Can you tell me whether the -k is wrongly put in the command?

If I put in a space between -k and 0 I get no deduplication and this is written to the terminal:

Arguments [bam, -i, /Volumes/drylab/Data-Set-Go/Svulgaris2/BAM_UMI_QUANTIFY_ANALYSIS_svulgaris/results_samtools/0L1/0L1-subset_CACCGTGGAACC_sorted.bam, -o, /Volumes/drylab/Data-Set-Go/Svulgaris2/BAM_UMI_QUANTIFY_ANALYSIS_svulgaris/results_samtools/0L1/0L1-aligned-sorted-UMIcollapsed_test.bam, -k, 0] Done reading input file into memory!
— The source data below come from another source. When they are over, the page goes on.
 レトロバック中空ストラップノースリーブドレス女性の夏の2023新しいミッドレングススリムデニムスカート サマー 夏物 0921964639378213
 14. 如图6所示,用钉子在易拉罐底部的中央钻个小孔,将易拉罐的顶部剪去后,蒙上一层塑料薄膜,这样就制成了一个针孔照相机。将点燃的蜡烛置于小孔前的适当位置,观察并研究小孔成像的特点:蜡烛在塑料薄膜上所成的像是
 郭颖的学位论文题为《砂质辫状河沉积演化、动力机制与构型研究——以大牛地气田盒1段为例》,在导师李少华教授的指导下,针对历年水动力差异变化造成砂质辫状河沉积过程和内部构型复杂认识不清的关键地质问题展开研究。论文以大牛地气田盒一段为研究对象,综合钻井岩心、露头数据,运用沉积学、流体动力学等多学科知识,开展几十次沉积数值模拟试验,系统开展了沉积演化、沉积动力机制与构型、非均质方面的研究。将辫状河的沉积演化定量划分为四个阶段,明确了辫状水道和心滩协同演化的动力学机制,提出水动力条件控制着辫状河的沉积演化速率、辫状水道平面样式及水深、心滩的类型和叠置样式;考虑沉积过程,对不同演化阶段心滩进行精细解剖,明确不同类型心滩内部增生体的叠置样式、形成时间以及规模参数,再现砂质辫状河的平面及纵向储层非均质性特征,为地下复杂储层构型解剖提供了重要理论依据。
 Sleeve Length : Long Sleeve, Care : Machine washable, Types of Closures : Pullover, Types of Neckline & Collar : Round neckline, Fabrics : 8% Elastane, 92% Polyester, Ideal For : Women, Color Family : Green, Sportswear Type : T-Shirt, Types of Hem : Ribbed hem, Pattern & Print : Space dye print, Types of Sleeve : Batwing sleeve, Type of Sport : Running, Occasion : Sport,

Exception in thread "main" java.lang.ArrayIndexOutOfBoundsException: Index 1 out of bounds for length 1 at umicollapse.data.NgramBKTree$Node.initNode(NgramBKTree.java:137) at umicollapse.data.NgramBKTree.insertBKTree(NgramBKTree.java:103) at umicollapse.data.NgramBKTree.insert(NgramBKTree.java:58) at umicollapse.data.NgramBKTree.init(NgramBKTree.java:28) at umicollapse.algo.Directional.apply(Directional.java:32) at umicollapse.main.DeduplicateSAM.lambda$deduplicateAndMerge$1(DeduplicateSAM.java:160) at java.base/java.util.HashMap$EntrySpliterator.forEachRemaining(HashMap.java:1850) at java.base/java.util.stream.ReferencePipeline$Head.forEach(ReferencePipeline.java:762) at umicollapse.main.DeduplicateSAM.deduplicateAndMerge(DeduplicateSAM.java:147) at umicollapse.main.Main.main(Main.java:212) [main_samview] fail to read the header from "/Volumes/drylab/Data-Set-Go/Svulgaris2/BAM_UMI_QUANTIFY_ANALYSIS_svulgaris/results_samtools/0L1/0L1-aligned-sorted-UMIcollapsed_test.bam".

I cross my fingers you can tell me what is wrong

Cheers, Maibritt

Daniel-Liu-c0deb0t commented 5 months ago

Thanks for testing it out! It seems like this is a problem with UMICollapse, as -k 0 should work (I recall it working in the past). I'll debug this on my end and get back to you.

Daniel-Liu-c0deb0t commented 5 months ago

I can reproduce your issues successfully. Will debug now.

Daniel-Liu-c0deb0t commented 5 months ago

Ok so the issue is that one of your UMIs is length 13 while the others are length 12. I've updated UMICollapse to be more reasonable when dealing with UMIs of different lengths: the first alignment in the file dictates the UMI length, and any UMIs longer are truncated to be the same length.

I have confirmed that running on your manually duplicated alignments with -k 0 works correctly now. -k 1 (the default) also works correctly. Please give the updated UMICollapse a try on your data!

Going back to the original question, you have to pick whether to use -k 0 (more stringent and smaller clusters, will only cluster UMIs by identity) or -k 1 (larger clusters, allow 1 substitution) based on what's best for your data.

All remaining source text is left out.